It has been said that there was a Mary and Joseph at the birth and death of the Lord Jesus, but at the birth Mary was prominent and Joseph looked on, whereas at His death Joseph was prominent and Mary looked on. Both Josephs were gentlemen, but we are focusing on the one from Arimathaea. Matthew tells us this man was rich (27.57) and this is surely a fulfilment of Isaiah 53.9, for there we read that "he made his grave with the wicked, and with the rich in his death" (Is 53.9). A place was prepared where the bodies of the off-scouring of the earth were unceremoniously discarded by officialdom, but the Lord Jesus was laid in a rich mans tomb. How fitting this was for the King of kings.
Matthew also tells us that Joseph went to Pilate and begged the body of Jesus, so a rich man became a beggar that day and the question is, "Why?". It seems to the writer that as Joseph looked on from somewhere in the shadows he just felt that His Lord and Master had suffered enough, and he was longing for God to take Him away from the pain, the agony and the shame. We all can appreciate how he felt, for many have stood by the death bed of a loved one watching them in their pain and have simply prayed that God would end their suffering and take them home.
How different was Josephs view from that of the soldier who, moments before, had thrust his spear into the side of the dead Saviour, his estimation being He had not suffered enough. But we do know that the Lord Jesus neither suffered too much or too little, for His sufferings were divinely measured, as He Himself said to Peter, "The cup which my Father hath given me, shall I not drink it?" (Jn 18.11). He also knew exactly when He had fully met the claims of righteousness and thus could cry, "It is finished" (Jn 19.30).
Mark tells us that Joseph was an honourable counsellor who waited for the Kingdom of God (15.43). I wonder how he felt as he watched the Saviour die. Perhaps, like Cleopas, he had hoped that the Lord Jesus would have redeemed Israel, but now He was dead and all his hopes were shattered. Sometimes adversity dims our hope and leaves us discouraged and sad, but let us remember that God is in control of every circumstance and He will never let us go.
Mark also tells us that when Pilate knew that Jesus was dead he gave the body to Joseph. What a precious priceless gift! All Josephs riches could never have paid for it, and yet in the purpose of God he received it as a gift. Very few would have accepted this gift for they saw no beauty in the One who had died and they had rejected Him. Solomons words spring to mind, "A gift is as a precious stone in the eyes of him that hath it: whithersoever it turneth, it prospereth (Prov 17.8).

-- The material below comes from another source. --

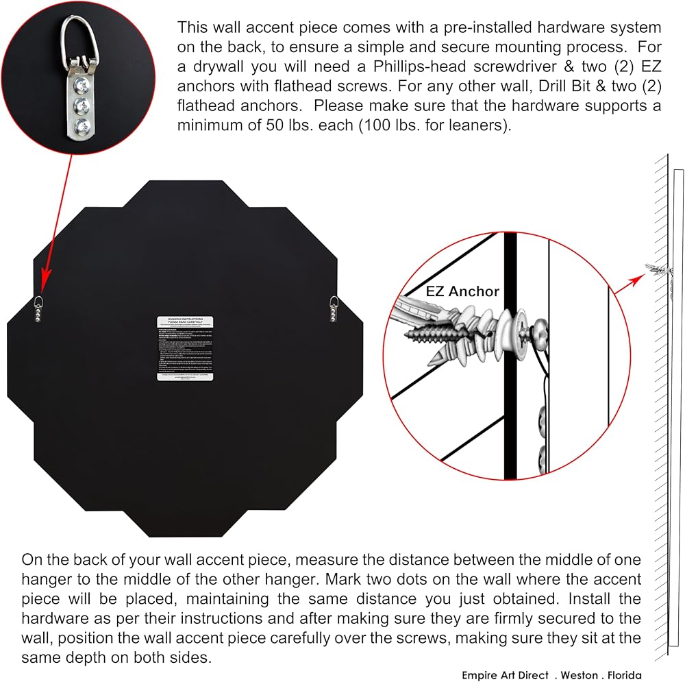 • PROTECTION & INSTALLATION - Such a wall mirror is packaged in strong carton with styrofoam protective corner and shrink wrapping. 2 pre-installed D-Rings are attached to the back of the mirror for a quick and easy vertical or horizontal installation.

Luke adds that Joseph was a good and just man, and truly he was. He could not understand why men had done what they did to his Lord. It was unfair and now, if the Jews had their way, His body would be cast into a pit with all the rest of the criminal fraternity. But Joseph had other ideas. John tells us that he was a secret disciple for fear of the Jews, yet now he openly confesses his love for the One who was regarded as an imposter. What had made this difference? It can only be the great sight that he had just witnessed: that of the wickedness of man being overcome by the mighty love of God, for no doubt he heard the suffering Saviour say, "Father, forgive them; they know not what they do" (Lk 23.34).
John adds to the record of Joseph but also introduces us to Nicodemus (Jn 19.38-42) and we consider their caring hands in contrast to the cruel hands that had bruised and battered, then ultimately nailed our Lord to the tree. We stand on holy ground as we ponder these two men bearing the weight of their Lord as they lower Him to the ground and, with tenderness, gently remove the nails, no doubt with tear filled eyes. Finally they embalm His precious body with very costly spices and wrap it in linen clothes. They now carry the One they love and lay Him to rest in Josephs new tomb. Matthew tells us that he had hewn it out of the rock (Mt 27.58-60) which must have taken time, energy and effort, but now he sees the fruit of his labours. Luke and John tell us that no one had ever been buried in this tomb (Lk 23.53; Jn 19.41) and it has been well said that the Lord Jesus came in by way of a new womb and left by way of a new tomb, leaving defilement in neither. This surely answers to the law of the burnt offering (Lev 6.11) which states that the ashes must be carried to a clean place. John tells us that the tomb was in a garden which seems a strange place to lay the lifeless body of the Saviour; yet how very suggestive, for His body is being sown like a seed from which new life would appear.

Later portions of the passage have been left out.